The effect of parietal cell vagotomy and selective vagotomy with pyloroplasty on body weight and dietary habits. A prospective randomized study.

作者信息

Faxén A, Rossander L, Kewenter J

出版信息

Scand J Gastroenterol. 1979;14(1):7-11. doi: 10.3109/00365527909179839.

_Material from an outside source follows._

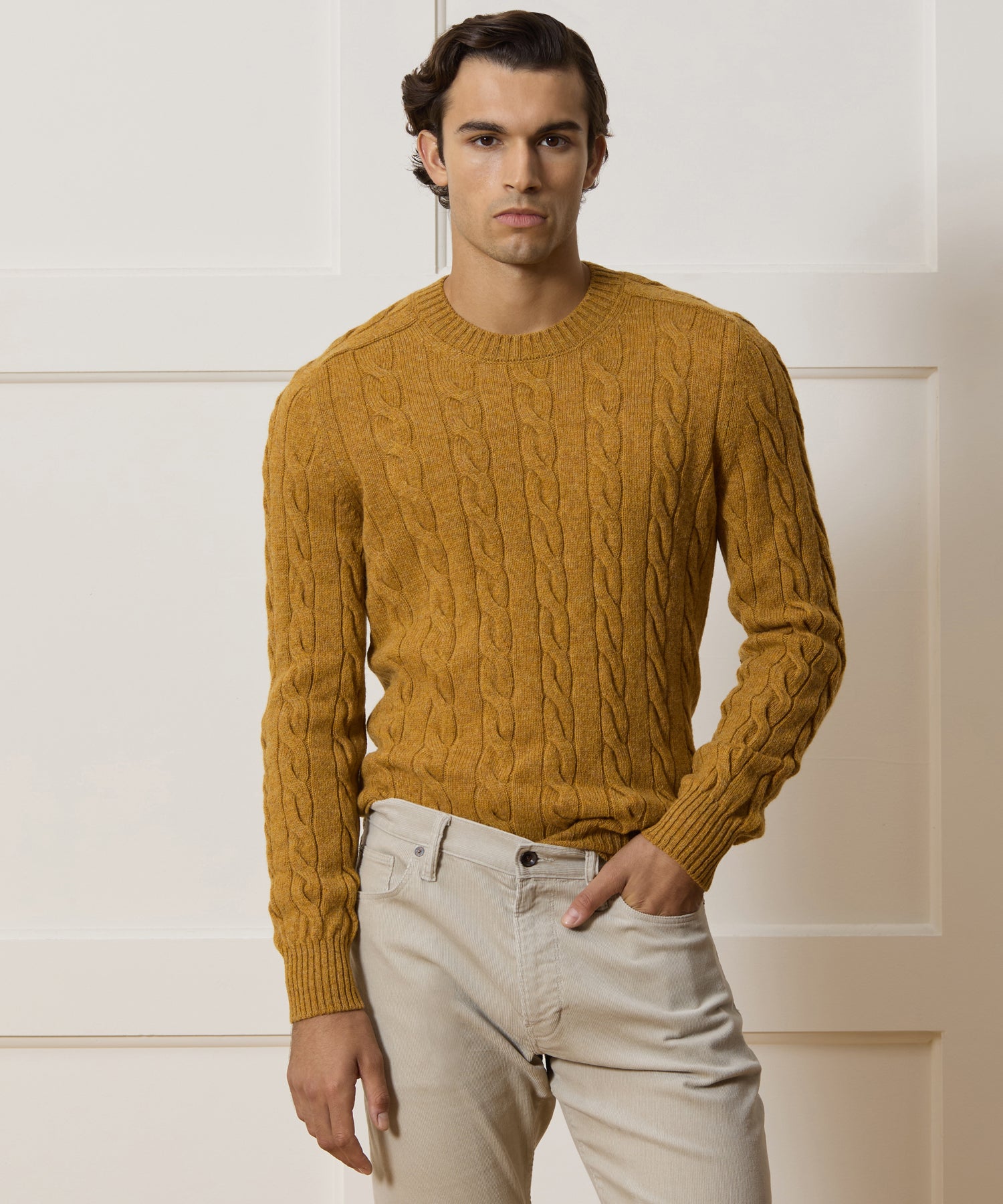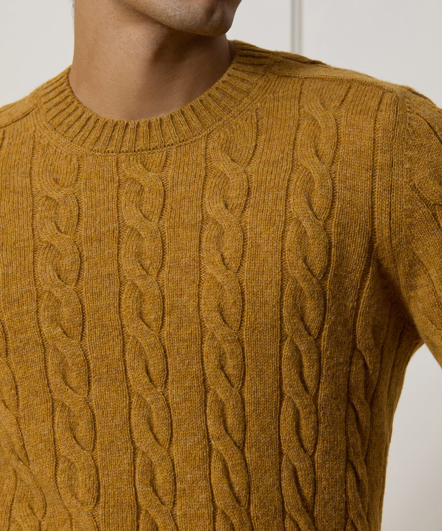 Following close behind tweed, cord and flannel in the fall lineup: the cable knit lambswool sweater. This take on the classic Shetland Sweater is made from 100% Italian chanteclaire wool with a gently fuzzy texture — ”chanteclaire” refers to the unique, slightly heathered color of the yarn here. Want to channel the Ivy aesthetic? Just pop it on over an Oxford shirt.

DOI:10.3109/00365527909179839
PMID:424690
Abstract

Body weight and dietary habits were studied in 32 male patients in a consecutive randomized series of parietal cell vagotomy (PCV) and selective vagotomy with pyloroplasty (SV + P). There were 16 patients in each group. One month after surgery all patients had lost weight. During the first 2 postoperative years following PCV most patients regained their preoperative weight. SV + P led to an impaired ability to gain weight. Following PCV the consumption of fat was reduced but the carbohydrate consumption increased, leading to an unchanged total daily energy intake. The daily energy intake decreased following SV + P in spite of an increased consumption of protein-rich foods such as meat, fish, and eggs. The decreased energy intake was due to a reduced intake of fat, sugar, and milk following SV + P. It is concluded that dumping is a contributory cause of the reduced energy intake following SV + P.

摘要

对32名男性患者进行了连续随机分组的壁细胞迷走神经切断术(PCV)和选择性迷走神经切断术加幽门成形术(SV + P),并研究了他们的体重和饮食习惯。每组有16名患者。术后1个月所有患者体重均减轻。在PCV术后的头2年里,大多数患者恢复到了术前体重。SV + P导致体重增加能力受损。PCV术后脂肪摄入量减少,但碳水化合物摄入量增加,导致每日总能量摄入量不变。尽管SV + P术后富含蛋白质的食物(如肉、鱼和蛋)摄入量增加,但每日能量摄入量仍减少。能量摄入量减少是由于SV + P术后脂肪、糖和牛奶摄入量减少。得出的结论是,倾倒综合征是SV + P术后能量摄入减少的一个促成因素。